Papa Francisco: ¿El amigo de los pobres?

El lunes 21 de abril, el papa Francisco falleció a los 88 años. Durante su mandato en la Santa Sede, se le encomendó la tarea de limpiar la imagen de la Iglesia, darle un «rostro humano» y frenar la crisis de la institución. Independientemente de lo que se piense de él, lo cierto es que desempeñó su papel con habilidad, pero la tarea era imposible. La crisis de la Iglesia continuó a buen ritmo y se acelerará tras su muerte.

Tras permanecer en capilla ardiente en la basílica de San Pedro, los restos mortales de Francisco serán enterrados modestamente en una capilla del Vaticano, según sus deseos, en una tumba «sencilla, sin adornos».

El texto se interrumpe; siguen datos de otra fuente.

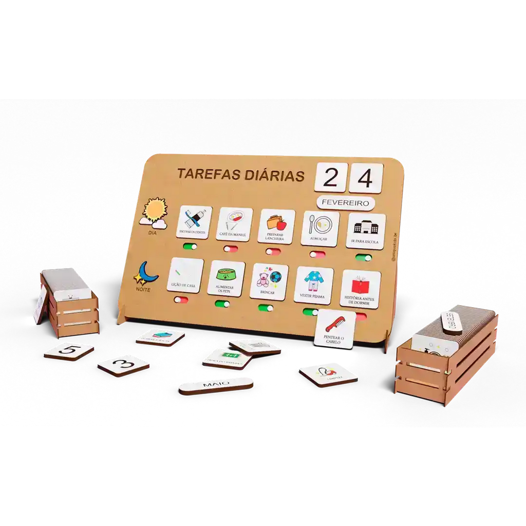 Organização clara – ícones simples ajudam a criança a visualizar e seguir a rotina facilmente.

Esta es la imagen que Francisco había cultivado desde sus días en Argentina, mucho antes de llegar al Vaticano en 2013: un hombre que compartía el pan con los pobres y que no desdeñaba utilizar el transporte público cuando era arzobispo. Cuando se trasladó al Vaticano, rechazó los aposentos más suntuosos que suelen reservarse a los papas y se instaló en una modesta habitación de invitados.

Francisco, jefe de una de las entidades más ricas del planeta, quería ser visto, tan paradójico que parezca, como un hombre sencillo, humilde y pobre: un hombre que siente el dolor de la gente común. Su nombre papal indicaba la imagen que quería proyectar: la del famoso hombre de la pobreza, San Francisco de Asís.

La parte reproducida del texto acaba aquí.